In the present study, a literature survey has been made to evaluate the status and identify the problems on uses of Indian waste coal. The study also aims at encouraging researchers to work towards the improvement of the present overview on Indian waste coal through suggestions and recommendations.
2 Availability of Coal in India
India is the world’s sixth-largest energy market in the world. The quantity of different quality of Indian coals depends on different conditions like standard of living, degree of commercial activities and different geological phenomena. In case of waste category coal washing is an important step for efficient industrial use. The production of waste category coal requires less ash content to minimize the formation of energy consuming. Percentage of moisture present in waste coal can affects the gasification process. In Indian waste coal moisture is between 7 and 13% (Dwivedi et al. 2018). The availability of Indian coal in different state listed in Table 1.
3 Characterization and Composition of Indian Waste Coal
3.1 Proximate and Ultimate Analysis
Chemical properties of Indian waste coal are an essential step to evaluate the alternative processing and recovery options of coal samples. It has two major steps first proximate analysis and second is ultimate analysis. The approximate values for proximate and ultimate analysis for Indian waste coal are described below as follows:
3.1.1 Proximate Analysis
With the help of proximate analysis, we can evaluate the amount of moisture, volatile matter, total ash and fixed carbon in any coal samples as shown in Table 2.
3.1.2 Ultimate Analysis
Ultimate analysis is the process to calculate the percentage of carbon, hydrogen, oxygen, nitrogen, sulphur and ash in Indian waste coal samples. The approximate values for ultimate analysis for Indian waste coal are shown in Table 3.
4 Thermal Treatment Techniques Applied for Utilization of Indian Waste Coal
4.1 Pyrolysis
Pyrolysis is a thermo-chemical conversion of a sample with respect to time and temperature. During the pyrolysis process, no flue gas is required to utilization. Basically, pyrolysis is a thermo-chemical conversion process that helps to evaluate the physio-chemical properties of samples (coal, biomass, etc.) with respect to time and temperature (Dwivedi et al. 2018). The pyrolysis study of coal mostly shows the thermo-chemical conversion of material with defined time and temperature conditions. The hole process includes different chemical reactions in mainly in three stages with releases of volatile matter second is fast pyrolysis and third is slow pyrolysis process. In the first stage about 70% weight losses in case of waste coal. So the pyrolysis of Indian coal helps to examine the ignition, rate of combustion and particle emission of coal. In the other hand, we can say that it is a method char production to improve its calorific value. During the gasification and co-combustion process, thermo-chemical conversion of coal plays an important role and also helpful for the design and development of boiler and gasifier. Coal pyrolysis passes mainly in two steps first is de-polymerization where vapour, gas and tar are formed and second is re-polymerization where char forming occurs. Mass loss of coal can be measured by using pyrolysis. During the thermo-gravimetric analysis of coal in terms of coal pyrolysis we can calculate weight loss percentage and maximum weight loss at peak of temperature with the help of TG and DTG profiles. The kinetic parameters such as activation energy and pre-exponential factors can be calculated through model-free analysis which may be useful in terms of development of pyrolysis technology and design of reactors (Table 4).

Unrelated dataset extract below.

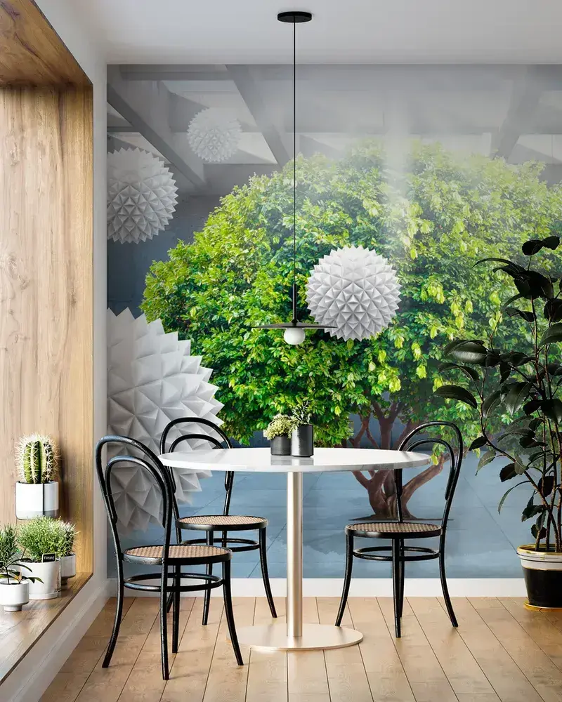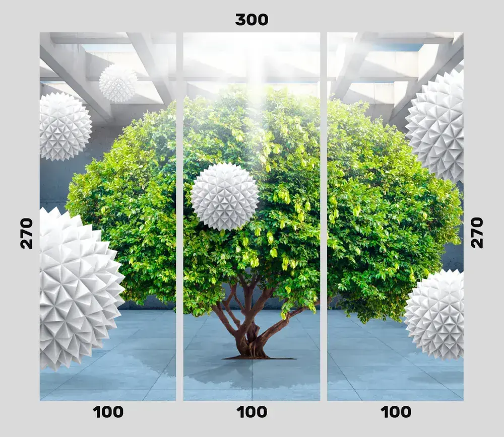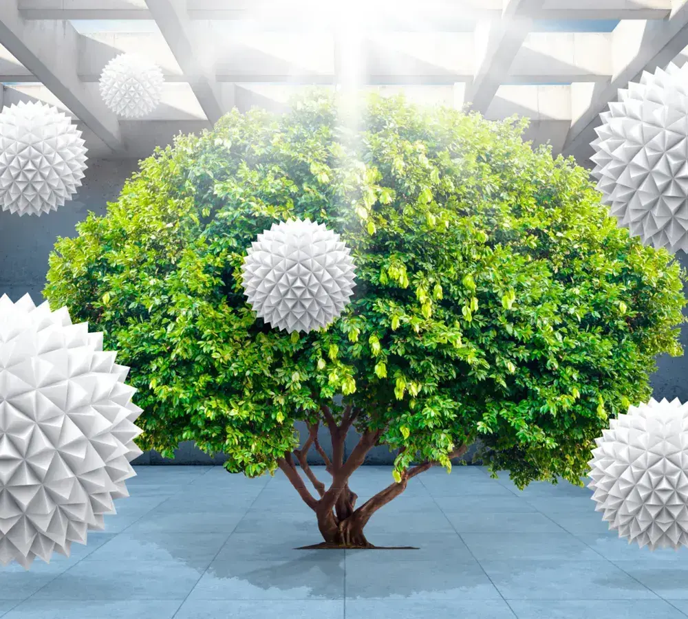 Фотообои виниловые на флизелиновой основе "Дерево с колючими шарами 3D зеленый", Арт. 13-076, 300х270см (ШхВ)
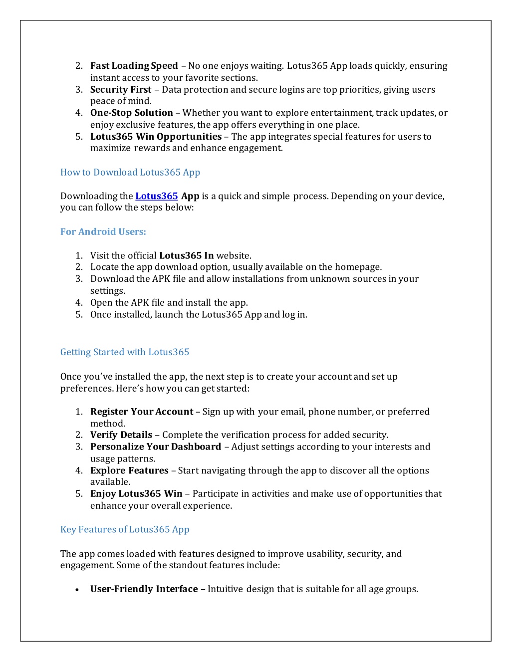 2.Fast Loading Speed– No one enjoys waiting. Lotus365 App loads quickly, ensuring instant access to your favorite sections. 3.Security First– Data protection and secure logins are top priorities, giving users peace of mind. 4.One-Stop Solution– Whether you want to explore entertainment, track updates, or enjoy exclusive features, the app offers everything in one place. 5.Lotus365 Win Opportunities– The app integrates special features for users to maximize rewards and enhance engagement. How to Download Lotus365 App Downloading the Lotus365 App is a quick and simple process. Depending on your device, you can follow the steps below: For Android Users: 1.Visit the official Lotus365 In website. 2.Locate the app download option, usually available on the homepage. 3.Download the APK file and allow installations from unknown sources in your settings. 4.Open the APK file and install the app. 5.Once installed, launch the Lotus365 App and log in. Getting Started with Lotus365 Once you’ve installed the app, the next step is to create your account and set up preferences. Here’s how you can get started: 1.Register Your Account– Sign up with your email, phone number, or preferred method. 2.Verify Details– Complete the verification process for added security. 3.Personalize Your Dashboard– Adjust settings according to your interests and usage patterns. 4.Explore Features– Start navigating through the app to discover all the options available. 5.Enjoy Lotus365 Win– Participate in activities and make use of opportunities that enhance your overall experience. Key Features of Lotus365 App The app comes loaded with features designed to improve usability, security, and engagement. Some of the standout features include: User-Friendly Interface– Intuitive design that is suitable for all age groups.

4.2 Gasification Technologies for Indian Waste Coal
Coal gasification technology is one of the most common technologies in India. Different types of solid waste like plastic waste and waste coal are dried and granulated to obtain required particle size for gasification at 700–900 °C. After discharging of gas and char, it may be utilized via combustion in a boiler to raise steam. Gasification can convert carbonaceous fuel into gaseous products.
Gasification of Indian waste coal as an energy recovery process and nowadays it is a current research domain in all over the world. Several researches focused on municipal solid waste gasification technologies by using fluidized-bed system. The fluidized-bed reactor technology has key role in the gasification of solid waste like coal and biomass (Idris et al. 2010; Mondal et al. 2018; Saini and Srivastava 2017). The syngas production and gas-heating value can be helpful to justify the feasibility of fluidized-bed system. Figure 1 shows the common thermo-chemical process and their output for utilization of waste coal (Fig. 2).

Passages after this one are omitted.